--wait a minute. That doesn't make sense.
It is 11 o'clock. 11:57 to be exact. And I would give just about anything to be asleep right now but that is not the case. So, I blog.
(When did "blog" become a verb? Odd.)
Every now and then I go back and re-read my blog entries. I don't know if that makes me weird or not. Sometimes I cringe, most times I wonder why anyone would bother reading them in the first place.

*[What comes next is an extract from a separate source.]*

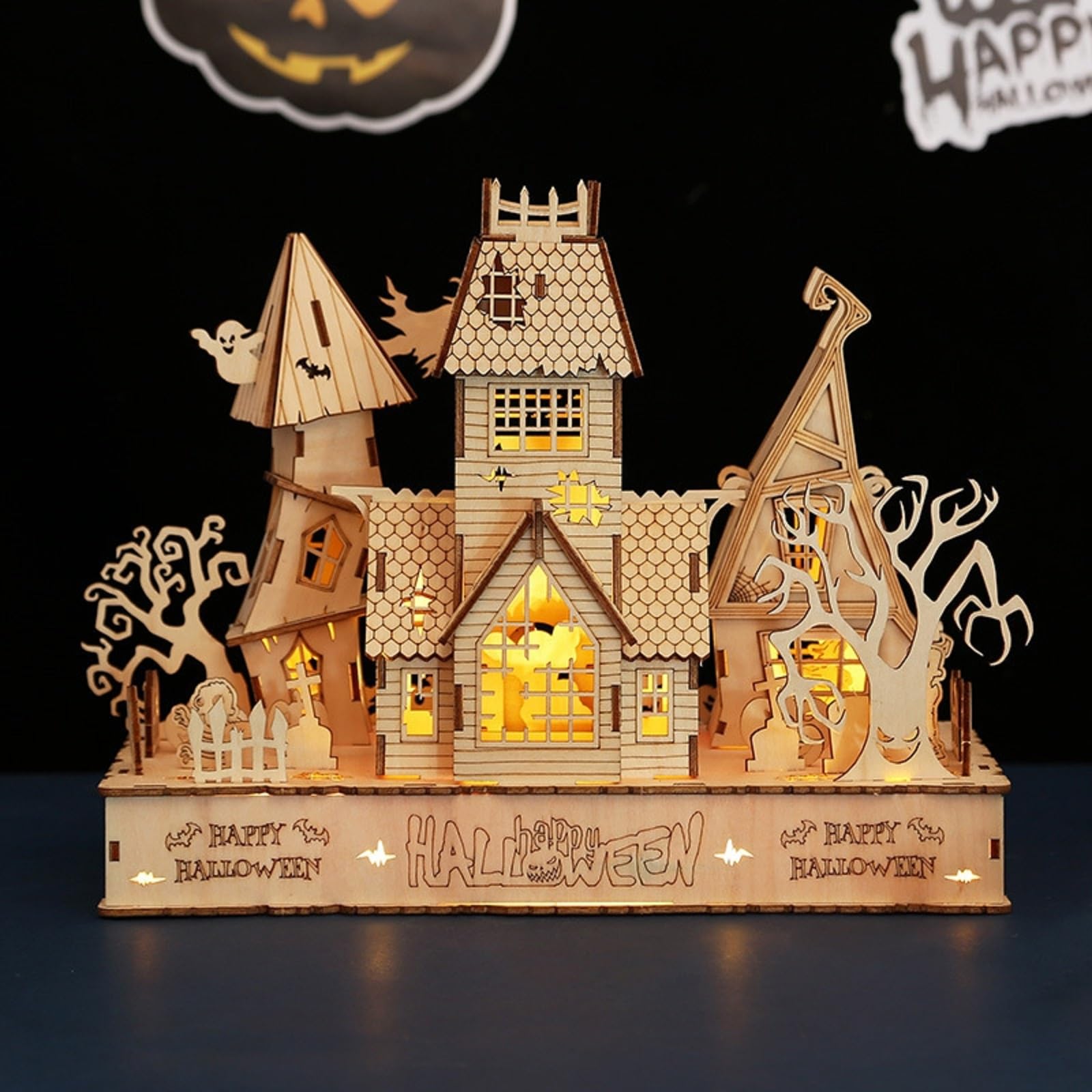 Hallisun 3D木製パズル DIYハロウィンハウス LEDライト付き 模型 組み立てキット 立体パズル 頭の体操 ホビーゲーム おもちゃ 大人 向け 14歳+ DIY手芸 機械ミニチュア 誕生日 ハロウィン Halloween 家族 友人プレゼント
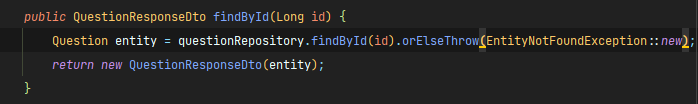 위에서 findById 메서드는 QuestionResponseDto를 반환하고, 이를 화면에 띄워주는 형식입니다. DTO에 필드를 추가하는 방식과, 게시글에 맞는 해시태그를 조회해 와서 view에 추가해 주는 방식 중에서 고민하였습니다.

Tonight I read back through the first of the year, when Dad started to fail so quickly, and I can't believe that it's over. I remember feeling at the time that it would never be over, and experiencing the guilt that came along with knowing what the cost of "relief" would be. The work and the grief of those times was all-encompassing and seemed to stretch both forward and back in time, like that was how life always was and would be. I remember believing -- really, truly believing -- that there would never be an end, that life would reside in that hard, relentless place forever. It was awful.
So yes, the last three years really have been tremendously hard; I would wish them on no one. I'm (mostly) proud of what we did for my parents and while hindsight can allow me to wish that we would have done more, I'm really not sure that we could have. We did our best and we loved them, and there isn't much more to offer after that. There are still images of these times that are burned in my head and my heart that I wish would go away. I don't think they ever will. But it's getting so much easier to call up the pictures of them when they were younger and stronger and smiling, and I'm glad about that.
These days we seem so caught up in getting, well -- caught up. We're three years behind so there's a lot of catching up to do. It's tiring and while sometimes there are little victories it doesn't feel all that fulfilling. I don't want to look back in 10 years and not be able to remember what Sara was doing this summer because I was too busy cleaning out closets and painting bedrooms and trying to figure out how to have a life.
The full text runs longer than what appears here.